# Do glow-light and neon tetras go good together?



## Guest (Jun 7, 2005)

do glowlights and neons fight? do they not like each other? do they school?


----------



## Pac-Man (Mar 18, 2005)

I don't imagine they would school...but these tetras need schools of their own species anyway. i believe they would get along fine, they are peaceful community fish.


----------



## mousey (Jan 18, 2005)

they go good together. Both are gentle. they do hang together too some of the time.
mouse


----------



## Guest (Jun 8, 2005)

actually, different types of tetras can school together. glo lights and neons will do just fine.


----------



## Pac-Man (Mar 18, 2005)

I know different types will school, but I doubt these guys will...


----------



## fish_doc (Jan 31, 2005)

There should be no problems mixing these two in a tank together.
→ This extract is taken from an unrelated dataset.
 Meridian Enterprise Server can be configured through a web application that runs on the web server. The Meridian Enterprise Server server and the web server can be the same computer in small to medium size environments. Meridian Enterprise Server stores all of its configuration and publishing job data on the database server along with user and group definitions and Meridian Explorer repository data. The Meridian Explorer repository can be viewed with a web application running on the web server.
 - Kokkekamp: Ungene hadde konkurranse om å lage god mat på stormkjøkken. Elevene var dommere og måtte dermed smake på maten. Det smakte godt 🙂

They will school with their own but ocassionaly school with each other. Typically in the wild this would not happen but in the limited space of a aquarium it is no uncommon for them to ocassionaly mix.
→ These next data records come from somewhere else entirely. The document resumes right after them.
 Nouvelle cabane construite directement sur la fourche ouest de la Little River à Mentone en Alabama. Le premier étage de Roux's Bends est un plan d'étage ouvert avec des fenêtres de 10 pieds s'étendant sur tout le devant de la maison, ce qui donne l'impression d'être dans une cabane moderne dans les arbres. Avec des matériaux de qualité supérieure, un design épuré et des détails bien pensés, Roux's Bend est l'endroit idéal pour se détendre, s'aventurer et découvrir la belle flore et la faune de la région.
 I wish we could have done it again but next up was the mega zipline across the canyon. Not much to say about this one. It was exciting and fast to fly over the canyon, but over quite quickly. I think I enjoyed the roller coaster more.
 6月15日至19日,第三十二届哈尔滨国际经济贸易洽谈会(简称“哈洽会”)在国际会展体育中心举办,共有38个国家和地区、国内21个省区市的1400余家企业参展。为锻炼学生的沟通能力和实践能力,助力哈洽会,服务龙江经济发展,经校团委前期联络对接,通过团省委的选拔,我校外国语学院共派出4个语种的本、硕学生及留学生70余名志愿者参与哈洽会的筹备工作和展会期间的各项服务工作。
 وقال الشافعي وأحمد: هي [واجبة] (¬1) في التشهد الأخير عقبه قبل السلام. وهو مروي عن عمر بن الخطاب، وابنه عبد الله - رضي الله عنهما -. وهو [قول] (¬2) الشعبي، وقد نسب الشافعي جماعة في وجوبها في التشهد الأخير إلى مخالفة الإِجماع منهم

Wow pac-man you seem mighty young. But you type real well for your age. LOL


----------



## Pac-Man (Mar 18, 2005)

i don't really get it fish doc...lol? I guess? can u please explain the joke to me?


----------



## Fishfirst (Jan 24, 2005)

on your age it says 1


----------



## fish_doc (Jan 31, 2005)

> Pac-Man
> Wokka-Wokka-Wokka!!!
> 
> Join Date: Mar 2005
> ...


It wasn't a attack on you but than again I am starting to turn grey here with all you youngens.


----------



## Pac-Man (Mar 18, 2005)

OH NOW I GET IT!!! lol...that is pretty funny... :lol: and by the way, 37 isnt that old. U got alot of life left in ya!


----------



## Fishfirst (Jan 24, 2005)

not over the hill yet...


----------